È incredibile quanto sia stata difficile la transizione dalla moda alla musica. Sono due industrie che vanno a braccetto, ma in entrambe devi costruirti una credibilità e un’identità. Ho dovuto dire tanti no nella moda per riuscire a fare degli step fondamentali nella musica. C’è stata tanta diffidenza, non voglio mentire. Però penso che mi abbia fatto bene, mi ha fatta lavorare molto di più, mi ha resa ancora più affamata.
Cosa riesci a portare, nella musica, del mondo della moda, e viceversa?
Penso che siano due mondi che viaggiano in parallelo, hanno entrambi la missione di farti sentire qualcosa o parte di qualcosa. L’industria della moda mi dà la possibilità di integrare creatività nei visual (non riesco a scrivere senza immaginare un visual) e di esprimere chi sono come artista. Moda e musica sono complementari, due pezzi dello stesso puzzle.
Parliamo del tuo ultimo singolo, Vertigo. Hai dichiarato che scrivere questa canzone è stato come fare meditazione in un videogame. Ci spieghi questa definizione?
Da bambina giocavo molto ai videogame e durante il lockdown ho riscoperto questo passatempo; mi aiuta a evadere. Trovo la tecnologia e il progresso dei videogiochi estremamente interessante. Vertigo l’ho scritta in un momento molto fragile della mia vita, è una canzone meditativa. Speak for Yourself di Imogen Heap è stata una grande ispirazione. In quel periodo soffrivo di attacchi di panico e paralisi nel sonno, e in momenti del genere non riesci fino in fondo a capire cosa sia reale. Avevo bisogno di scrivere qualcosa che mi calmasse. Il produttore del pezzo, Duncan Boyce, ha inserito un jingle di videogioco negli arrangiamenti e meditazione in un videogame mi è sembrata la giusta metafora per raccontare la voglia di riprendermi e ripartire senza guardare indietro.

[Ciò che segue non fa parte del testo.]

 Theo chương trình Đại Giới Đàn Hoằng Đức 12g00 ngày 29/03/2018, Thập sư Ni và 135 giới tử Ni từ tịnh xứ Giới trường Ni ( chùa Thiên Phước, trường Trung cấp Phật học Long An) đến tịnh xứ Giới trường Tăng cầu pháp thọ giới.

Il video di Vertigo è stato girato nella tua Napoli. Come è nata l’idea di portare in tuo progetto, che a velleità internazionali, a Napoli?
Sono cresciuta a Napoli che per me rimane la città più bella del mondo, piena di talento. Avevo quindi voglia di comunicarla nel modo giusto e di integrarla nella mia artisticità. Il nuovo video è stato girato da Salvatore Rocco alla Stazione Toledo, sotto il cielo stellato di Oscar Tusquets Blanca, un’istallazione artistica a tutti gli effetti. Sai, quando sono arrivata a Napoli ero piccola e non spiccicavo una parola di italiano, ma la città mi accolto a braccia aperte. Ora volevo dare indietro qualcosa ad una città che mi ha dato così tanto.

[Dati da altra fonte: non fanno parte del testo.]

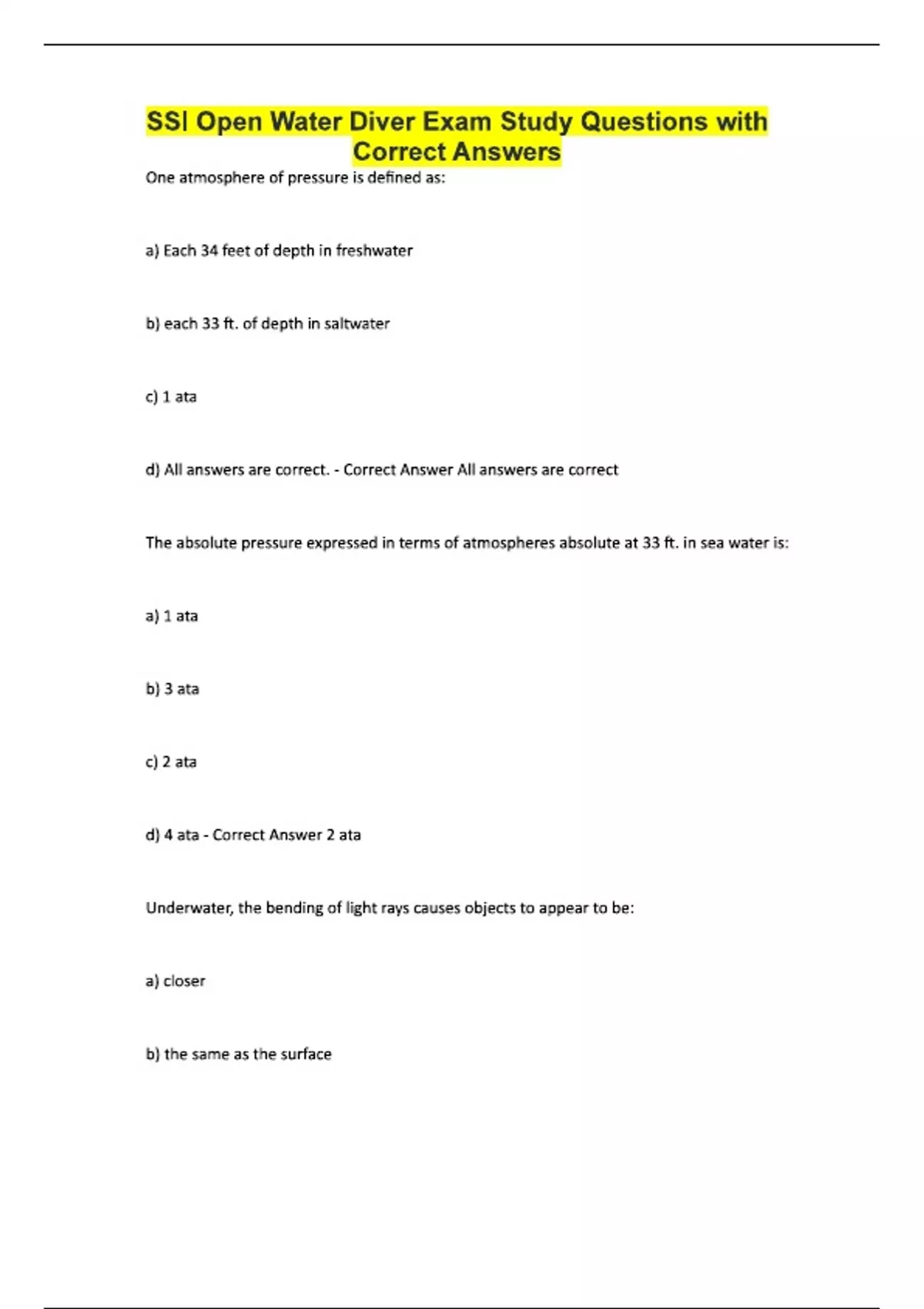 SSI Open Water Diver Exam Study Questions with Correct Answers One atmosphere of pressure is defined as: a) Each 34 feet of depth in freshwater b) each 33 ft. of depth in saltwater c) 1 ata d) All answers are correct. - Correct Answer All answers are correct The absolute pressure expressed in terms of atmospheres absolute at 33 ft. in sea water is: a) 1 ata b) 3 ata c) 2 ata d) 4 ata - Correct Answer 2 ata Underwater, the bending of light rays causes objects to appear to be: a) closer b) the same as the surface

Ci racconti come è nata la collaborazione con K-Way per il video di Vertigo. Cosa significa per te e come si inserisce nel tuo percorso?
K-Way è un brand che mi ha accompagnata nella mia crescita, è stato uno dei miei primi grandi amori da adolescente. Tra noi è nata una collaborazione naturale, considerando che era qualcosa che desideravo da tempo. È un’azienda con una storicità importante, un design incredibile e, soprattutto, punta tanto sui giovani e sui creativi, cosa molto rara e dal valore inestimabile. Il team inoltre è diventata una famiglia, spero riusciremo a fare tante altre cose insieme.
In un momento in cui la musica ha avuto molte difficoltà a causa della pandemia, credi che brand come K-Way che investono in artisti e artiste musicali possano essere un aiuto importante?
Assolutamente. Unire le forze e ribadire, nonostante i tempi storici difficili, che l’arte sia un valore, è fondamentale.